举例来说,您可通过访问链接获取`curl http://localhost:5679/actuator/prometheus`master metrics。
## 命名规则 & 命名映射
- Apache DolphinScheduler指标命名遵循[Micrometer](https://github.com/micrometer-metrics/micrometer-docs/blob/main/src/docs/concepts/naming.adoc#:~:text=Micrometer%20employs%20a%20naming%20convention,between%20one%20system%20and%20another)
官方推荐的命名方式。
- `Micrometer` 会根据您配置的外部指标系统自动将指标名称转化成适合您指标系统的格式。目前,我们只支持`Prometheus Exporter`,但是多样化的指标格式将会持续贡献给用户。
### Prometheus
- 指标名中的点会被映射为下划线
- 以数字开头的指标名会被加上`m_`前缀
- COUNTER: 如果没有以`_total`结尾,会自动加上此后缀
- LONG_TASK_TIMER: 如果没有以`_timer_seconds`结尾,会自动加上此后缀
- GAUGE: 如果没有以`_baseUnit`结尾,会自动加上此后缀
## Dolphin Scheduler指标清单
- Dolphin Scheduler按照组成部分进行指标分类,如:`master server`, `worker server`, `api server` and `alert server`。

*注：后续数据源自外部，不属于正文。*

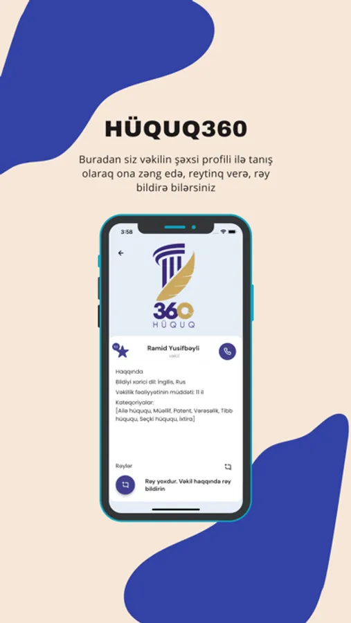 • Onlayn Konsultasiya: Hüquqi məsləhət və ya əsas konsultasiyalar üçün istifadəçilər, onlayn qaydada vəkillərlə görüşlər təşkil edə bilər. Bunun üçün istifadəçilər vəkilin şəxsi profilindəki müvafiq zəng etmək düyməsinə toxunaraq konsultasiyanı həyata keçirə bilərlər.

- 尽管任务 / 工作流相关指标是由 `master server` 和 `worker server` 透出的,我们将这两块指标单独罗列出来,以方便您对任务 / 工作流的监控。
### 任务相关指标
- ds.task.timeout.count: (counter) 超时的任务数量
- ds.task.finish.count: (counter) 完成的任务数量,成功和失败的任务都算在内
- ds.task.success.count: (counter) 成功完成的任务数量
- ds.task.failure.count: (counter) 失败的任务数量
- ds.task.stop.count: (counter) 暂停的任务数量
- ds.task.retry.count: (counter) 重试的任务数量
- ds.task.submit.count: (counter) 已提交的任务数量
- ds.task.failover.count: (counter) 容错的任务数量
- ds.task.dispatch.count: (counter) 分发到worker上的任务数量
- ds.task.dispatch.failure.count: (counter) 分发失败的任务数量,重试也包含在内
- ds.task.dispatch.error.count: (counter) 分发任务的错误数量
- ds.task.execution.count.by.type: (counter) 任务执行数量,按标签`task_type`聚类
- ds.task.running: (gauge) 正在运行的任务数量
- ds.task.prepared: (gauge) 准备好且待提交的任务数量
- ds.task.execution.count: (counter) 已执行的任务数量
- ds.task.execution.duration: (histogram) 任务执行时长
### 工作流相关指标
- ds.workflow.create.command.count: (counter) 工作量创建并插入的命令数量
- ds.workflow.instance.submit.count: (counter) 已提交的工作量实例数量
- ds.workflow.instance.running: (gauge) 正在运行的工作流实例数量
- ds.workflow.instance.timeout.count: (counter) 运行超时的工作流实例数量
- ds.workflow.instance.finish.count: (counter) 已完成的工作流实例数量,包含成功和失败
- ds.workflow.instance.success.count: (counter) 运行成功的工作流实例数量
- ds.workflow.instance.failure.count: (counter) 运行失败的工作流实例数量
- ds.workflow.instance.stop.count: (counter) 停止的工作流实例数量
- ds.workflow.instance.failover.count: (counter) 容错的工作流实例数量
### Master Server指标
- ds.master.overload.count: (counter) master过载次数
- ds.master.consume.command.count: (counter) master消耗指令数量
- ds.master.scheduler.failover.check.count: (counter) scheduler (master) 容错检查次数
- ds.master.scheduler.failover.check.time: (histogram) scheduler (master) 容错检查耗时
- ds.master.quartz.job.executed: 已执行quartz任务数量
- ds.master.quartz.job.execution.time: 已执行quartz任务总耗时
### Worker Server指标
- ds.worker.overload.count: (counter) worker过载次数
- ds.worker.full.submit.queue.count: (counter) worker提交队列全满次数
### Api Server指标
### Alert Server指标
在每个server中都有一些系统层面(如数据库链接、JVM)的默认指标,为了您的检阅方便,我们也将它们列在了这里:
### 数据库相关指标(默认)
- hikaricp.connections: 连接综述
- hikaricp.connections.creation: 连接创建时间 (包含最长时间,创建数量和时间总和)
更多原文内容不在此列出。